Reviewing any of the first six tracks individually strains credulity; anyone who really wants to argue that "Flaming" is really intended as a separate musical statement from "Pow R. Toc R." has likely drunk too deeply from the well. Which is of course the point. In 1967, the Album as Symphony was just cresting as an idea. Every song was supposed to be a part of every other song. Floyd cannot be blamed for beginning with this logical conclusion.

So let's toss out any notion of figuring out what Barret meant by "cruel ghoul greasy spoon." You can and will impose whatever context you want. The whole point of psychedelia was to obliterate the compartmentalization of the mind, to mix everything together and then serve hot from one High Romantic Fire Hose.

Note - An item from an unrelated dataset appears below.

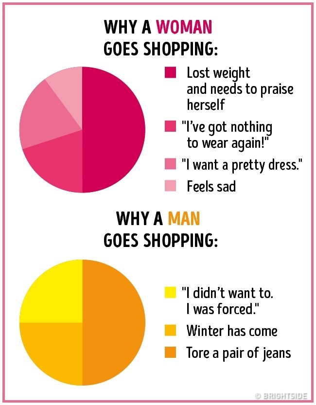 9. 女人為何逛街:減肥成功想犒賞自己;「我又沒衣服可以穿了!」;「我想要漂亮的洋裝」;心情鬱卒。
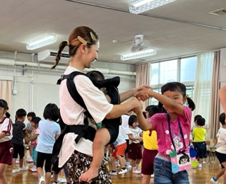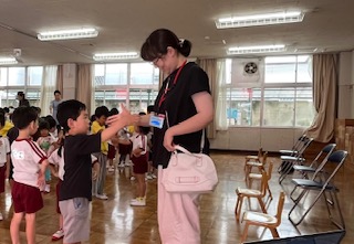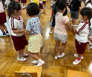 プレゼントを渡したり、仲良し遊びをしたりしました。仲良し遊びの最後に、友達とパチン!と手のひらを合わせることを楽しんでいました。

And then, the drop off the cliff. "Interstellar Overdrive" shows up as the longest and most accessible song, and the obvious centerpiece of this record, but it seems to devour the trippy spirit of what precedes it. The churning feedback blues of the initial bars fading away to spacey chirps: the sad, pleading tones of Sputnik seeking some kind of contact. An almost Pascalian horror at the cold, dead distances between worlds ensues, a cosmic dread that Floyd spent all of Dark Side of the Moon trying to find a way round. The reprise of the inital riff is twisted, off-kilter, yet a relief all the same.

Am I reaching? Perhaps. But what follows this journey to the womb of worlds, if not some of the dopiest kitsch Floyd ever recorded? "The Gnome" seems to be a Mother Goose-ian exercise in self-soothing, so eager to apogize for "Overdrive" that it actually interrupts that track's denouement. "Chapter 24" and "Scarecrow"likewise attempt to mellow everything out, take control over the proceedings again.  Only with "Bike" does any of the previous swirl return.

See what I mean about imposing context? For all I know, "Overdrive" was the last or first thing recorded, and everything else intended separate from it. Or maybe the pleasant melodies of the three songs after it are meant to show that journeys to the unknown will actually take us someplace we can rest. Or maybe it doesn't mean anything, and they were just wasted and having the time of their lives.



So go into the other room and make it work.